Last year September 2019 I decided to finally get in shape after being huge my whole life. I was 308 6'1 25M. I decided to join one of those fitness bootcamps where they have personal trainers and nutrionists, and those body scan machines where they make a 3d model of your body and you can see fat mass, lean mass, body fat %, bmr etc. After seeing my scan I was 100% serious and gave it my all. I worked out 4 days a week - HITT workouts/lifting etc, and they helped me with meal plans and food and I started eating healthier because I finally enjoyed fruits and veggies - I drank 2 smoothies a day, really cut out excess breads, started making stir Frys, and gave up fast food. I felt pretty good eating right and did not feel starved or that I was missing anything. Since then I came down to 260! But lost most of my weight the first 6 months September 2019- February 2020.

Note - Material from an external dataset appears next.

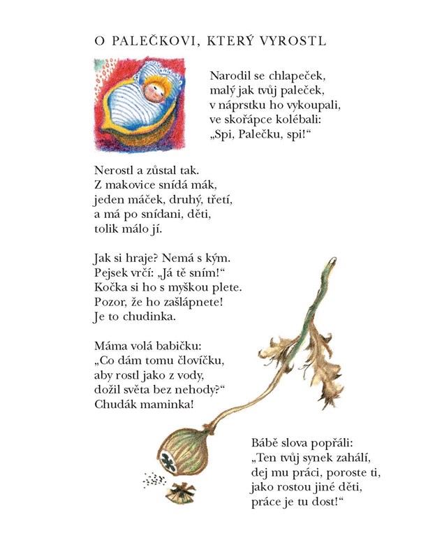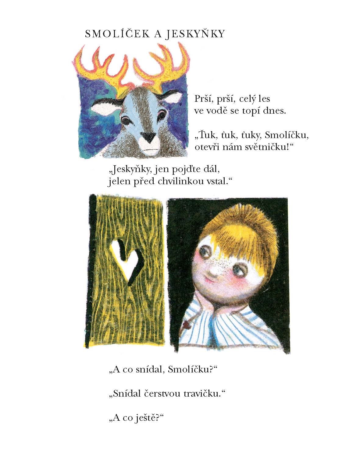 V hravých a dobře zapamatovatelných verších se děti skamarádí s Červenou karkulkou, Budulínkem, Otesánkem, Palečkem i Smolíčkem,

March this year I realized I hadn't lost any weight since January even though I was still eating right and working out 4-5 days a week. In April I did another body scan and my fat % was at 33% and my weight was at 262. I decided to start the insanity workouts because gyms were closed and I had insanity my whole life and never was able to get through it. I pushed myself so much and would burn 700-900 calories a workout, I did all 63 days! and I continued to eat right throughout it. But I still didn't see any weight loss or difference in my body. The last month of insanity( first week of June), I realized that maybe I should count calories- I know I was being honest with what I ate, but maybe I was doing something wrong. My BMR was 2250, so I decided to set my goal at 1600 calories a day for a deficit. I have stuck to logging my food and making sure I hit the 1600 calories ( average of 1642 over the past 4 weeks) as well as finishing insanity and working out 6 days a week. I did another body scan today and saw that my body fat % went up to 35% :/ and I actually gained fat mass, lost lean mass, and my measurements, inches, everything is exactly the same as it was in January, and before I started insanity in April. I feel so defeated. I am working out, eating right, cut out bad foods, tracking everything and finally changing my life, and yet I am losing nothing and I don't know what to do anymore. I don't know what to change from my diet without eating so little that I pass out and I don't know how to increase my workouts because I am already doing high intensity insanity 6 days a week. If my weight was the same, but my body was changing and I was gaining muscle thats a different story, but nothing is changing.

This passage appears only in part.